**Work required:**
Please set out each line below exactly as it stands, without the images.

**Dataset section:**
= Beginning of Section =

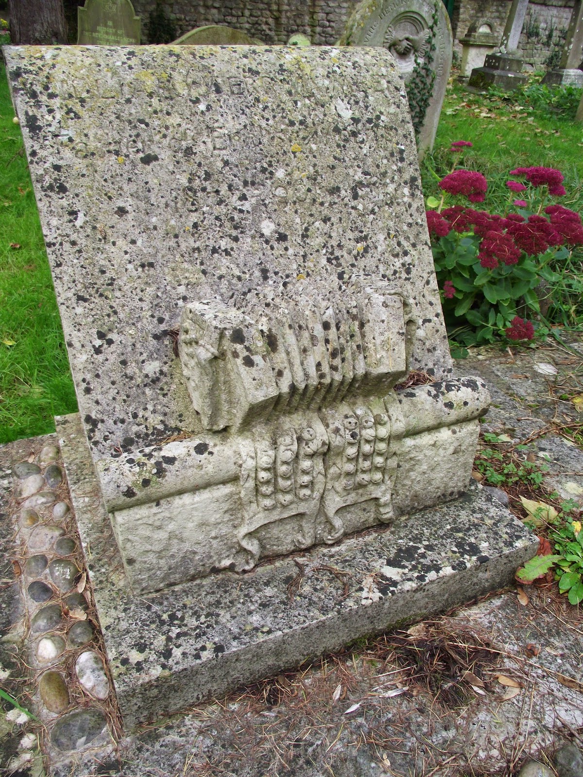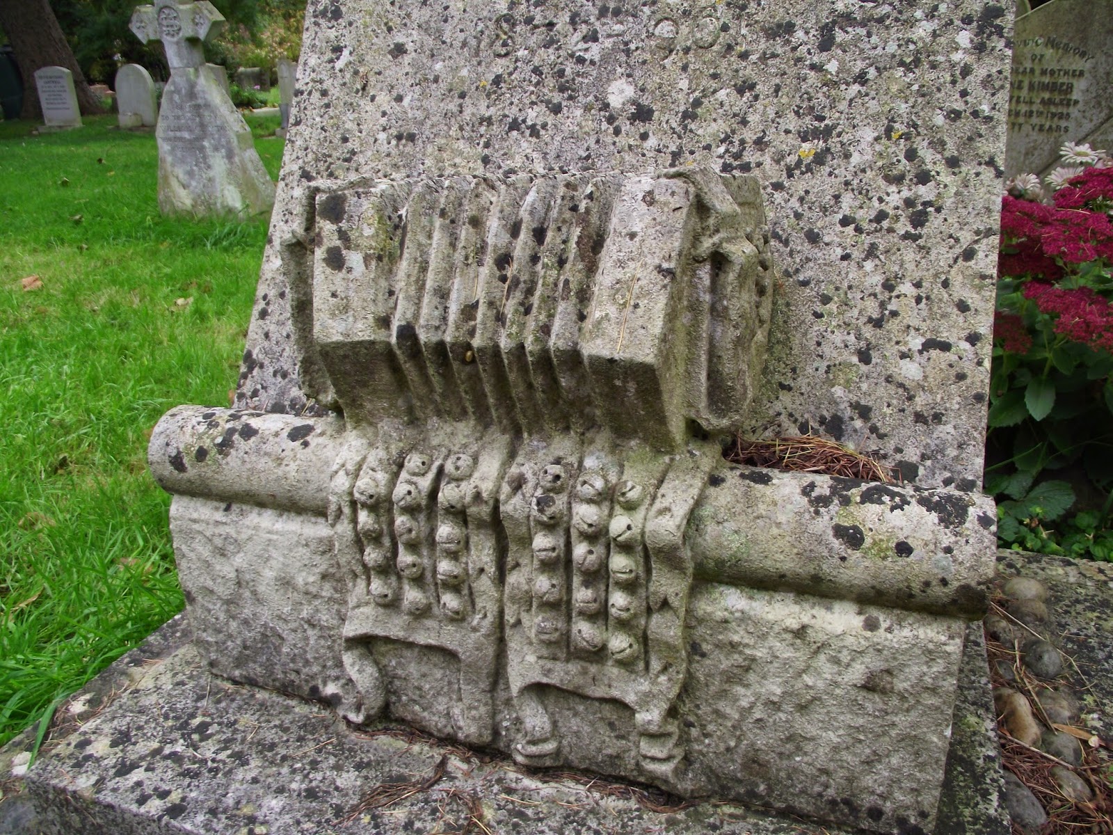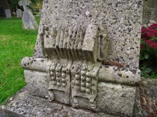 William Kimber died in 1961 and is buried in Holy Trinity churchyard, Headington Quarry, just round the corner from CS Lewis, another resident of Headington. Rather splendidly, his gravestone is decorated with carved stone morris bells and a concertina – the inscription reads “WILLIAM (MERRY) KIMBER / Father of English Morris1872–1961
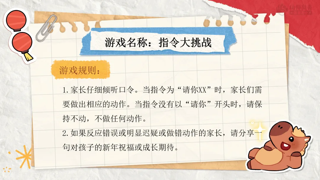 游戏开场语:接下来,我们将进行一个名为“指令大挑战”的简单反应力游戏。请全体家长保持坐姿,认真听我的指令。当我说的指令以“请你……”开头时,请大家立刻做出相应动作;如果指令没有以“请你”开头,则请不要做任何动作。反应错误或明显迟疑的家长,将被邀请分享一句对孩子的祝福或新年期待。
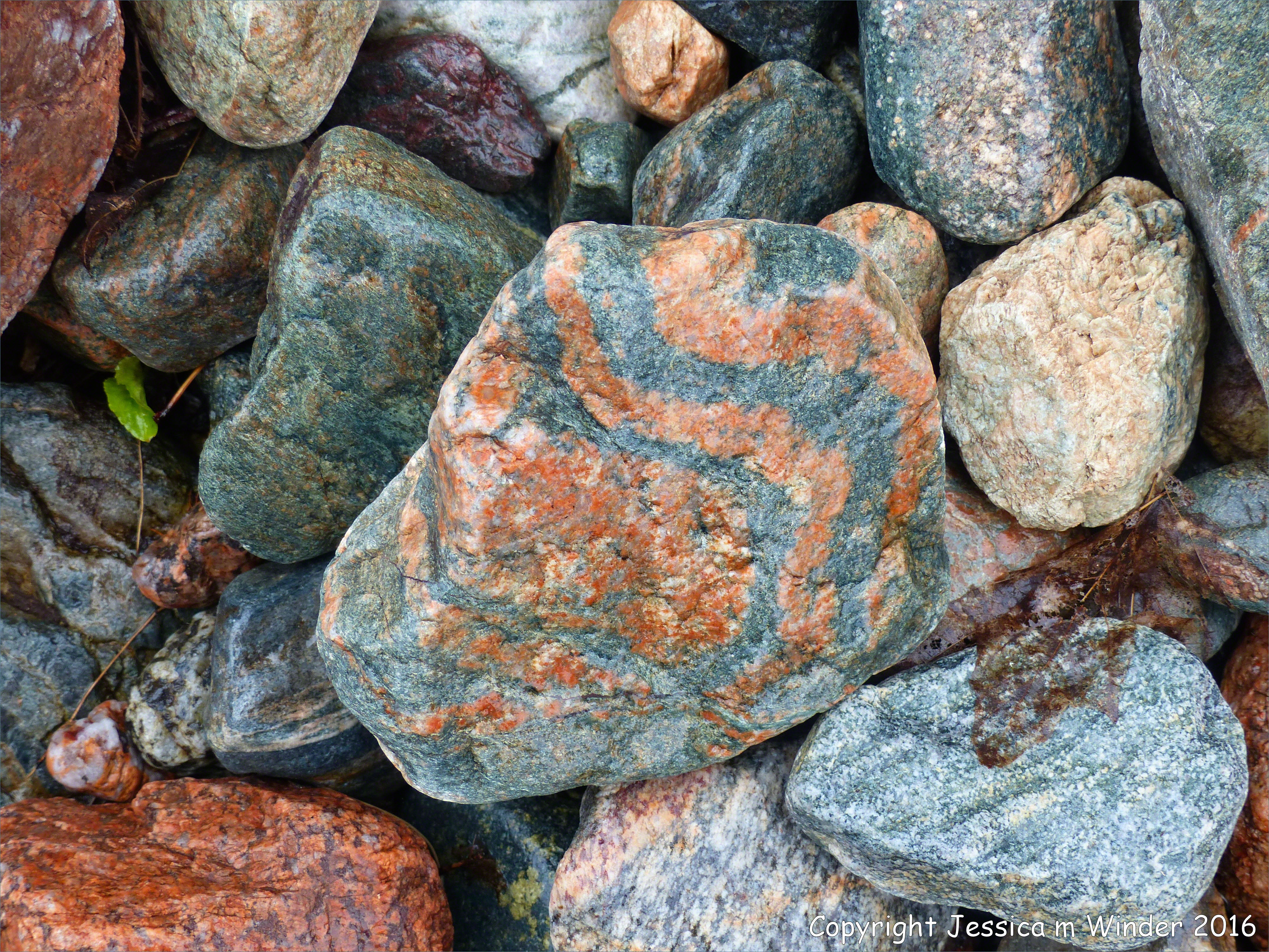 The Lone Shieling 28 – Melting snow in the mountains brings floods that wash away the soil and deposit rocks from higher upstream. The exposed river bed in spring reveals stones of many types including igneous and metamorphic rocks from the Cape Breton Highlands to the south, and some a billion years old from the Blair River Inlier. Cabot Trail, Cape Breton Highlands National Park, Canada.

= End of Section =

**Answer below:**
 William Kimber died in 1961 and is buried in Holy Trinity churchyard, Headington Quarry, just round the corner from CS Lewis, another resident of Headington. Rather splendidly, his gravestone is decorated with carved stone morris bells and a concertina – the inscription reads “WILLIAM (MERRY) KIMBER / Father of English Morris1872–1961
 游戏开场语:接下来,我们将进行一个名为“指令大挑战”的简单反应力游戏。请全体家长保持坐姿,认真听我的指令。当我说的指令以“请你……”开头时,请大家立刻做出相应动作;如果指令没有以“请你”开头,则请不要做任何动作。反应错误或明显迟疑的家长,将被邀请分享一句对孩子的祝福或新年期待。
 The Lone Shieling 28 – Melting snow in the mountains brings floods that wash away the soil and deposit rocks from higher upstream. The exposed river bed in spring reveals stones of many types including igneous and metamorphic rocks from the Cape Breton Highlands to the south, and some a billion years old from the Blair River Inlier. Cabot Trail, Cape Breton Highlands National Park, Canada.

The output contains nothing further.